After facing repeated delays since 1985 due to various reasons including lack of feedstock, India in 2007 formed a new firm—Brahmaputra Cracker and Polymer Ltd (BCPL)—to execute the Rs54.61-billion project in Assam.
GAIL has 70% stake in BCPL while Oil India Ltd, Numaligarh Refinery Ltd and Assam government together own the rest.
The 280,000-tonne-a-year project would be commissioned by April 2012, Tripathi said.
A debt of Rs17.56 billion has been tied up from a consortium of bankers led by state-run Punjab National Bank at an annual floating rate of 11%, he said.

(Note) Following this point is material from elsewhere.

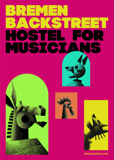 BREMEN BACKSTREET is not just a hostel. It’s a safe haven for wandering musicians, tired travelers, and those whose soul doesn’t sound in a uniform way. It’s a sleepover where you don’t appreciate perfect hearing, but a desire for freedom and music. You can leave the guitars in the corner, find a jam gang, and live outside the rules. It’s based on the visual concept of a four-thinking animal musicians re-thinking in the form of bold geometric silhouettes. Ossel, Dog, Cat and Petuch become guest guides around the hostel area, meeting them on signs, posters, and the best. Their dynamic positions and open mouths create a sense of eternal jam.

The remaining debt component of Rs3.27 billion has been raised from the Oil Industry Development Board and the government has given Rs9.09 billion as feedstock subsidy, he said.
He said Oil India will supply 6 million cubic metres a day (mmscmd) of gas for the project, while Numaligarh Refinery will supply 160,000 tonnes of naphtha as feedstock for the project.
“The balance feedstock requirement of 1.3 MMSCMD of gas up to 2012 and 1 MMSCMD thereafter is considered from ONGC (Oil and Natural Gas Corp),” he said.
The petrochemical complex will comprise an ethylene cracker unit, downstream polymer and integrated off-site utilities plants.